16 September 2020

The secret lives of under-spenders

There is an inconspicuous group of people in the community whose lifestyle belies their financial status. In extreme cases, you could find yourself conversing with someone who from all outward appearances is an ordinary person with an ordinary lifestyle, perhaps even what you might call a boring lifestyle, but whose net worth is actually in the millions. These are the under-spenders. They are the antithesis of the high-rolling, conspicuous big spenders whose assets largely belong to the bank. That’s not to say they are more virtuous or superior in any way to big spenders; they are just different.

The difference largely stems from their relationship with money. Whereas spenders see money as the means to immediate enjoyment of life, under-spenders often find greater pleasure in things that are either priceless or have no monetary value. This could include spending time with children and grandchildren, outdoor activities or creative pursuits. They just don’t need ‘stuff’.

Paradoxically, there is nothing worse for an under-spender than having no money. They want it, but they don’t want to spend it. They are often more concerned about financial security than spenders and see their store of wealth as protection for the future. Their anxiety about all the things that might go wrong drives their hoarding behaviour. The problem is, while they are preoccupied with preparing for their future (and, until death, there is always a future), the present slips by.

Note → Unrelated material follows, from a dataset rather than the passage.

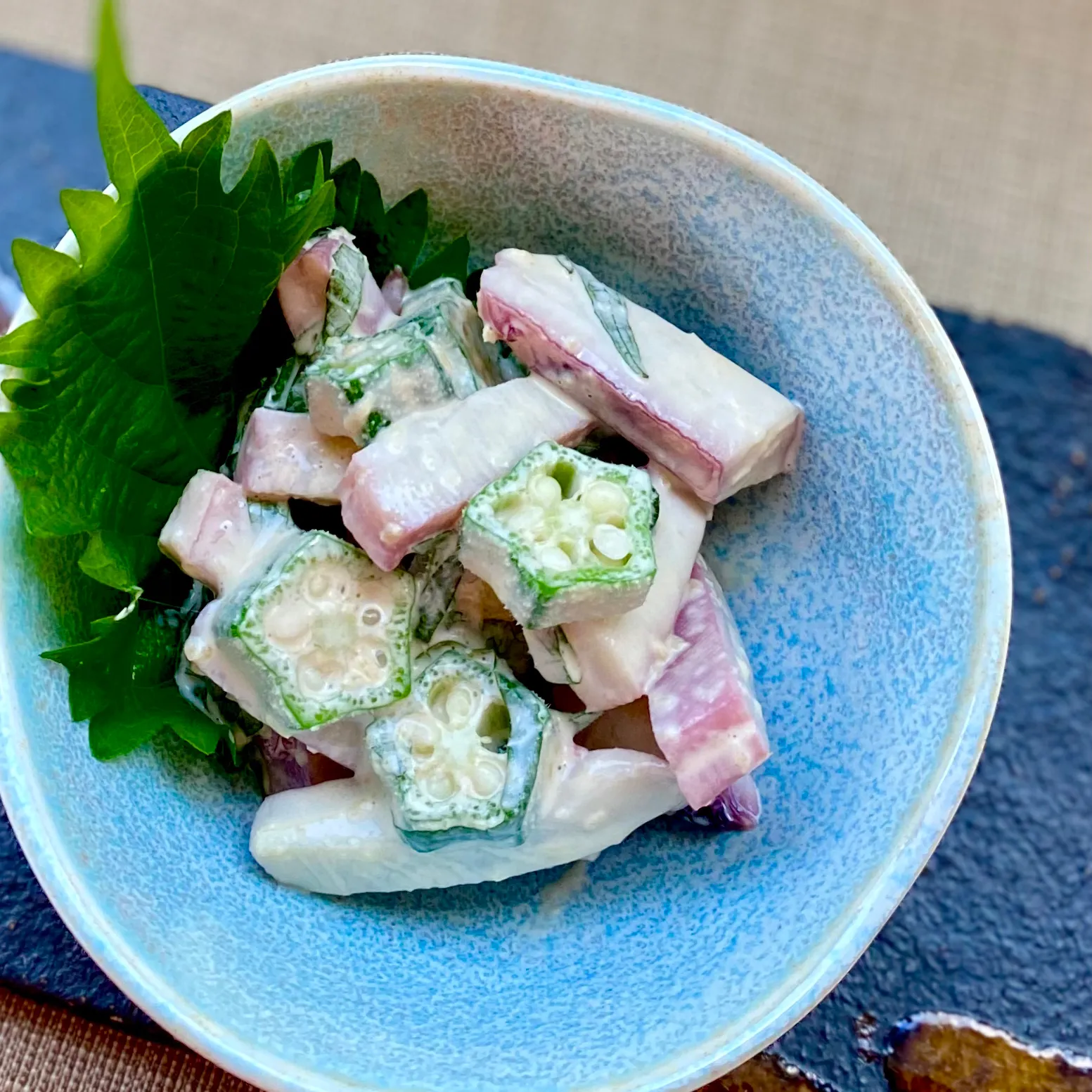 ボイルイカ、オクラ、青シソ

Under-spenders can cause financial stress in relationships with their partner and children, unless of course they also happen to be under-spenders. Put a big spender under the same roof as an under-spender and you probably have a fractious relationship. Money plays a huge part in relationships and is often one of the stressors that blows them apart. However, there are ways to get around the differences to preserve relationships.

First and foremost, there needs to be an acknowledgement that neither under-spending nor over-spending is necessarily wrong. They just have different consequences. Under-spenders may have more secure or more enjoyable futures but miss out on enjoyment in life in the present. Big spenders have a great time living it up in the present but face less financial security and potentially less enjoyment in the future. Somewhere in between there is a happy medium.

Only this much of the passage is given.